A professor of anthropology at John Jay College of Criminal Justice
who has studied drugs and drug cultures for 25 years was accused in a
Federal complaint on Monday of misusing funds from a $2.6 million
Federal grant to buy drugs for addicts he interviewed and to pay for
travel and other personal expenses.

The professor, Ansley Hamid, 55, was accused of misusing thousands in
grant money in 1996 and 1997 to pay for trips to Florida, Hawaii and
Trinidad, to buy compact disks and CD equipment and to hire two
assistants who worked mainly on his book manuscripts, all unrelated to
his study of drug use in New York City.

Professor Hamid, a native of Trinidad who holds a doctorate from
Columbia University, has published books and many articles in
professional journals and has taught at John Jay since 1984, was also
said by prosecutors to have admitted experimenting with heroin for a
month while he was the principal investigator for his study, called
"Heroin in the 21st Century."

The Federal complaint, based on a two-year investigation and filed by
the office of United States Attorney Mary Jo White in Manhattan,
accused Professor Hamid of embezzling Government funds in excess of
$5,000 -- no exact amount was specified -- a crime punishable by up to
10 years in prison and fines of $250,000.
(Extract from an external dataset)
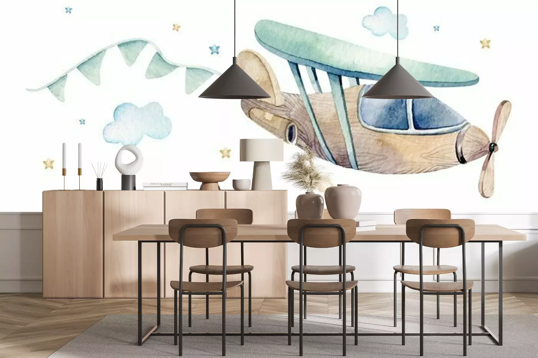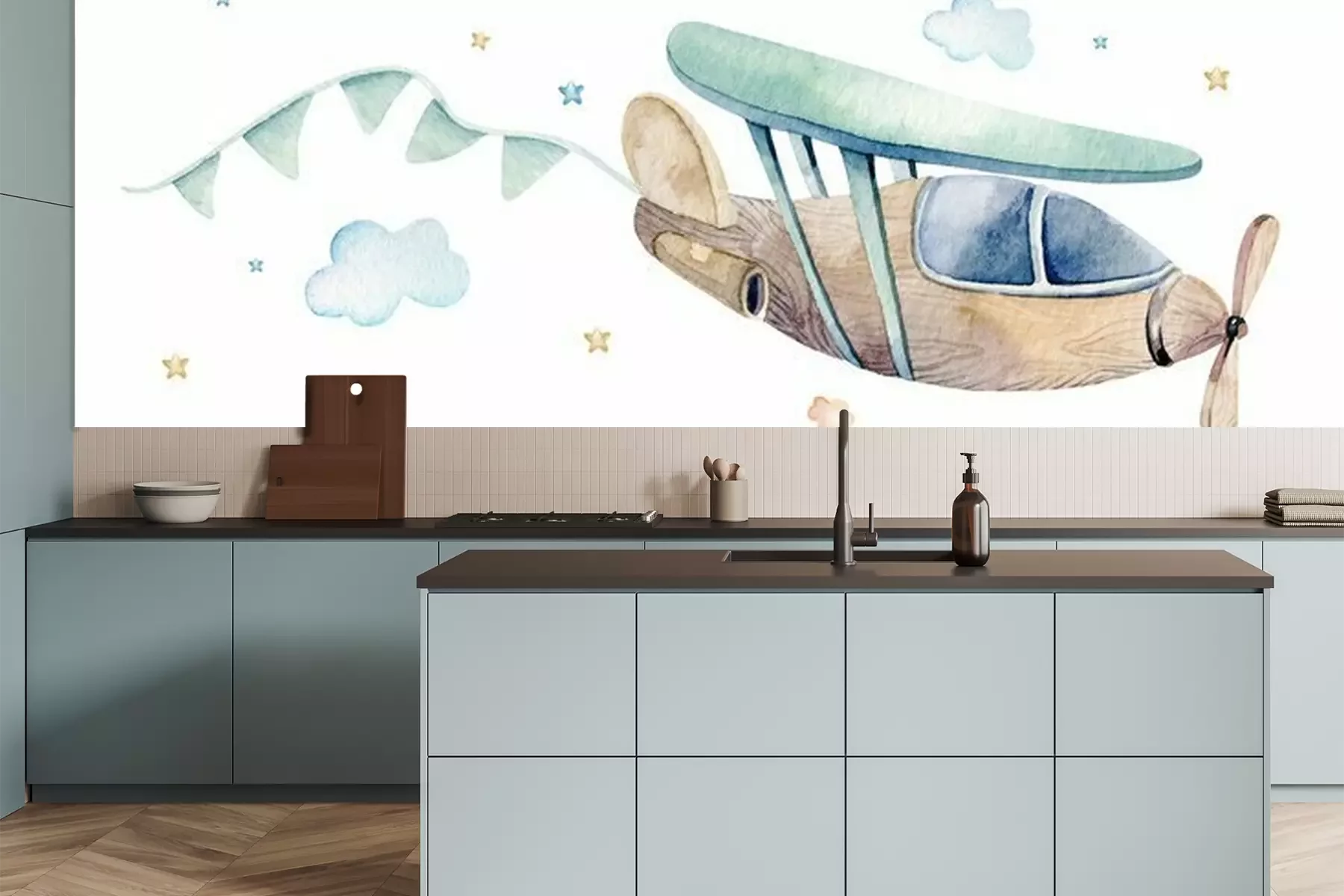 Sticker Aquarell stellte Hintergrundillustration einer niedlichen Karikatur- und ausgefallenen Himmelsszene zusammen mit Flugzeugen, Hubschraubern, Flugzeug und Luftballons, Wolken ein. Nahtloses Muster des J

Appearing in Federal Court in Manhattan, Professor Hamid did not enter
a plea to the charges. He was ordered to surrender his passport and
was released on a $25,000 bond for a hearing on Nov. 29.
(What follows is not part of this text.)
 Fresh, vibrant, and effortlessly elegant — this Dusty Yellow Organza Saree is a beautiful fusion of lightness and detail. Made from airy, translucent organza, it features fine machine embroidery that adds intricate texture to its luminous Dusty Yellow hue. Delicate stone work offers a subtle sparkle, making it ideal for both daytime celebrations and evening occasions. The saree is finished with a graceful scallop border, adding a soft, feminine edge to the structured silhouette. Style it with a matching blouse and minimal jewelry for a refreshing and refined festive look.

In a telephone interview from his home in Manhattan Monday night,
Professor Hamid vehemently denied all the allegations, responding to
each with detailed explanations of his conduct, and insisted that the
charges had grown out of a conspiracy by prosecutors and his own
subordinates and colleagues at John Jay College, who he said were
envious of his success in obtaining Federal grants and prominence in
studies on anthropology and drug use.

Since 1996, he said, he had received $7.2 million in grants from the
National Institute on Drug Abuse, a division of the Federal Department
of Health and Human Services, to conduct two studies, one focusing on
drug use in New York City and another on American, English and French
drug policies as they were being applied in New York, Trinidad and
Martinique and Guadalupe.

"This really did not go down well with colleagues," he
said.

After the allegations against him first surfaced in 1997, he said,
John Jay removed him from his research work, reassigned him to
classroom teaching, and raised questions about his right to tenure.
Last November, he said, he filed a complaint with the Federal Equal
Employment Opportunity Commission accusing the college of
discriminating against him. In what he termed an act of retaliation,
the college then suspended him and brought charges seeking to take
away his tenure and dismiss him.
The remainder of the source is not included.